Records for processing:
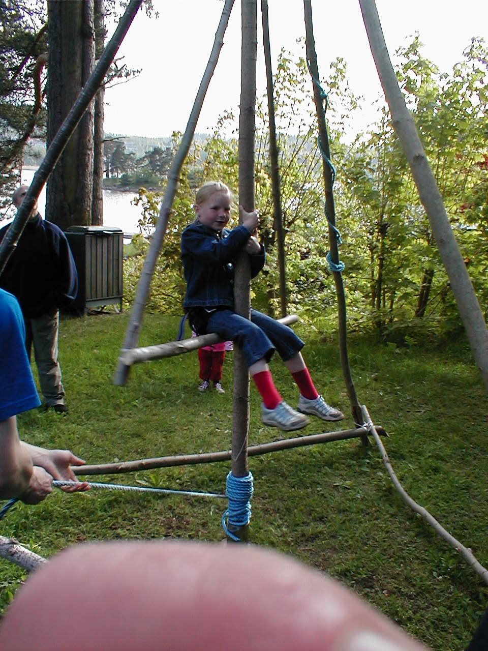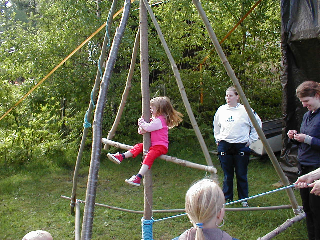 Samtidig med at vi bygde opp klatreveggen, bygde vi også en karusell som var veldig moro for de minste, derfor tar vi og med oss disse bildene på denne siden (kan forstørres).
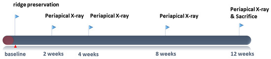 - Kim, J.J.; Schwarz, F.; Song, H.Y.; Choi, Y.; Kang, K.R.; Koo, K.T. Ridge preservation of extraction sockets with chronic pathology using Bio-Oss((R)) Collagen with or without collagen membrane: An experimental study in dogs. Clin. Oral Implant. Res. 2017, 28, 727–733. [Google Scholar] [CrossRef] [PubMed]
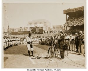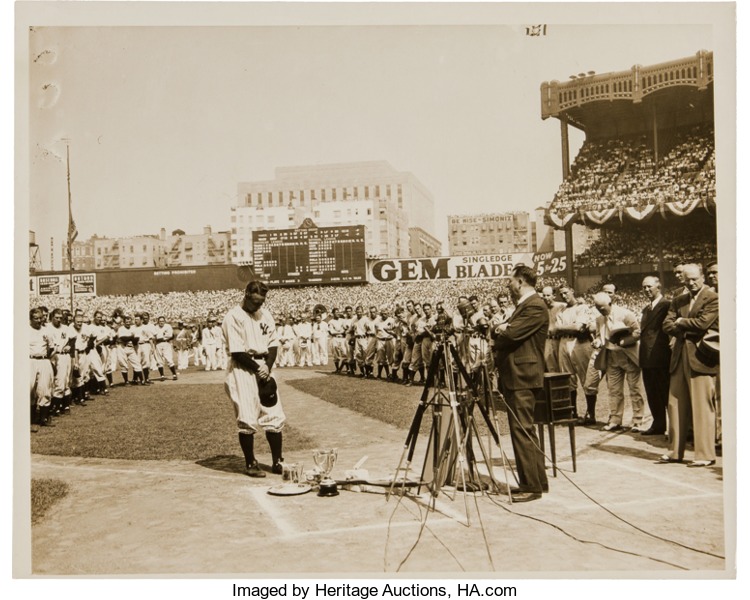 block. The July 4, 1939, “Luckiest Man” speech by the Yankees’ first baseman was one of baseball’s most poignant moments. This original news photograph captures the emotion as Gehrig, head bowed, struggles to keep his composure as he receives accolades.
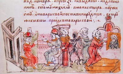 Беседа Давыда Игоревича Волынского и Святополка Изяславича Киевского о «коварстве» Василька Теребовльского. Миниатюра из Радзивиловской летописи. XV век
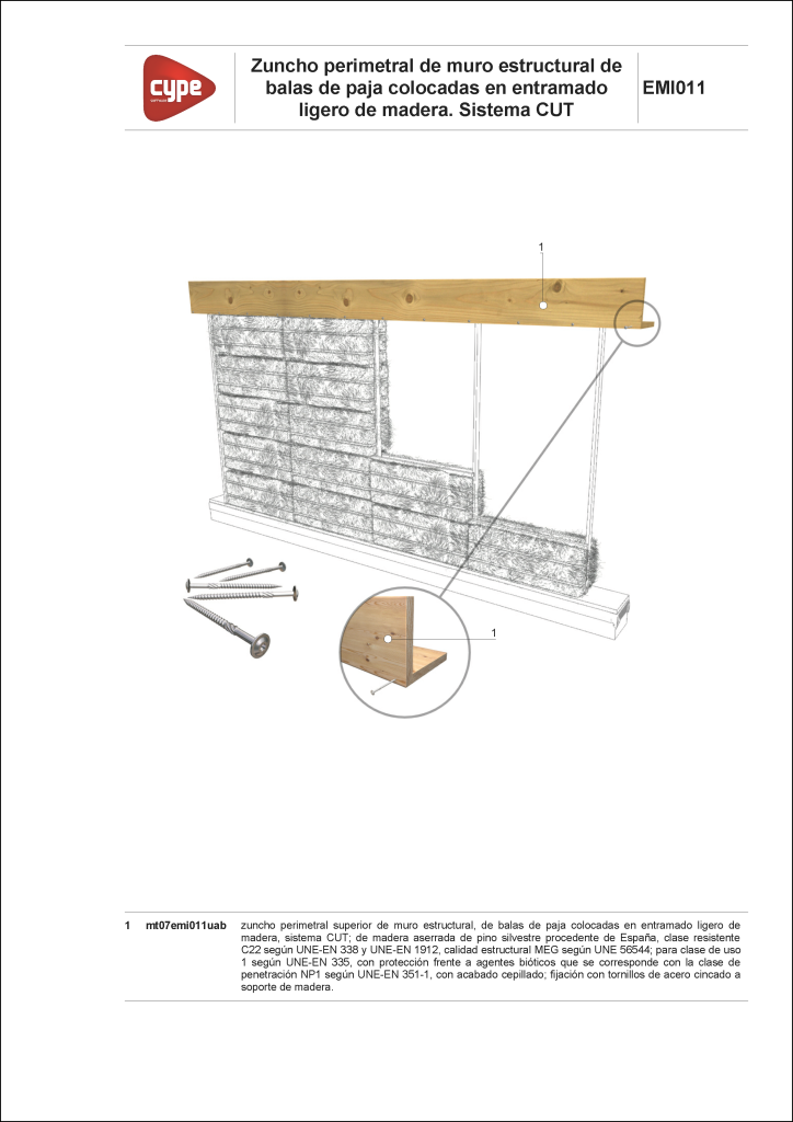 - EMI011. Zuncho perimetral de muro estructural de balas de paja colocadas en entramado ligero de madera. Sistema CUT.

Problem description: Print the part of the listing above that opens with the line containing "block. The July" and closes with the line containing "Беседа Давыда Игоревича". Copy it exactly, both ends included, and omit the pictures.

Solution to the problem:
 block. The July 4, 1939, “Luckiest Man” speech by the Yankees’ first baseman was one of baseball’s most poignant moments. This original news photograph captures the emotion as Gehrig, head bowed, struggles to keep his composure as he receives accolades.
 Беседа Давыда Игоревича Волынского и Святополка Изяславича Киевского о «коварстве» Василька Теребовльского. Миниатюра из Радзивиловской летописи. XV век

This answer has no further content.